BEGIN

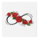 infinity symbol with red roses and black stalks on a white background. Design with roses. Tattoo style. Gothic style. Tribal graphics. Style sketch.
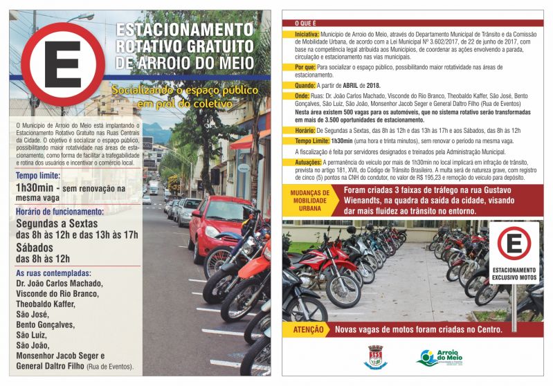 A orientação será realizada por servidores municipais, com um período educativo de 60 dias. Para facilitar a rotina dos trabalhadores do Centro – comércio, instituições bancárias, setor público e escolas, o Município viabilizou áreas alternativas para o estacionamento de veículos que permanecem o dia todo na área central, por meio de parcerias com proprietários de terrenos. Até o momento são seis espaços: Rua Visconde do Rio Branco – em frente à loja LS Confecções e ao lado da Lancheria do Dani; Rua Bento Gonçalves – Quadra em frente à Escola Guararapes/fundos da Secretaria de Educação e Cultura; Rua São João - na entrada da Área de Lazer; Rua Dr. João C. Machado – ao lado da Rodoviária e Rua Maurício Cardoso, próximo ao Supermercado Arroio-meense. Além disso, foram criadas novas vagas para estacionamento de motos, em frente à Secretaria Municipal de Educação e Cultura – rua Dr. João Carlos Machado.
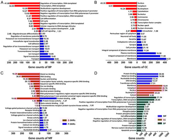 We found that m6A binding sites show enrichment in the NSC and 3′UTR regions, and within these regions, more m6A binding sites are detected in RNAs from P-stage than those from E-stage cortices (Figure 3B). Therefore, we focused the remaining analyses on RNAs with enriched m6A binding sites in the NSC and 3′UTR regions. We first performed a gene ontology (GO) analysis on E-SMRs and P-SMRs (Figure 4A, Supplementary Table S2). The top categories of biological process (BP) for E-SMRs were mainly involved in regulation of transcription, cell differentiation and cell cycle, while they were associated with ion transport, signal transduction and cell adhesion for P-SMRs (Figure 4A). Interestingly, three common categories of nervous system development, cell-cell signaling and oligodendrocyte differentiation were identified in both E-SMRs and P-SMRs (Figure 4A).

END

Aim of the exercise => Give again, word for word, the lines above from the first one through the one containing "A orientação será"; no pictures.

Answer to the problem =>
 infinity symbol with red roses and black stalks on a white background. Design with roses. Tattoo style. Gothic style. Tribal graphics. Style sketch.
 A orientação será realizada por servidores municipais, com um período educativo de 60 dias. Para facilitar a rotina dos trabalhadores do Centro – comércio, instituições bancárias, setor público e escolas, o Município viabilizou áreas alternativas para o estacionamento de veículos que permanecem o dia todo na área central, por meio de parcerias com proprietários de terrenos. Até o momento são seis espaços: Rua Visconde do Rio Branco – em frente à loja LS Confecções e ao lado da Lancheria do Dani; Rua Bento Gonçalves – Quadra em frente à Escola Guararapes/fundos da Secretaria de Educação e Cultura; Rua São João - na entrada da Área de Lazer; Rua Dr. João C. Machado – ao lado da Rodoviária e Rua Maurício Cardoso, próximo ao Supermercado Arroio-meense. Além disso, foram criadas novas vagas para estacionamento de motos, em frente à Secretaria Municipal de Educação e Cultura – rua Dr. João Carlos Machado.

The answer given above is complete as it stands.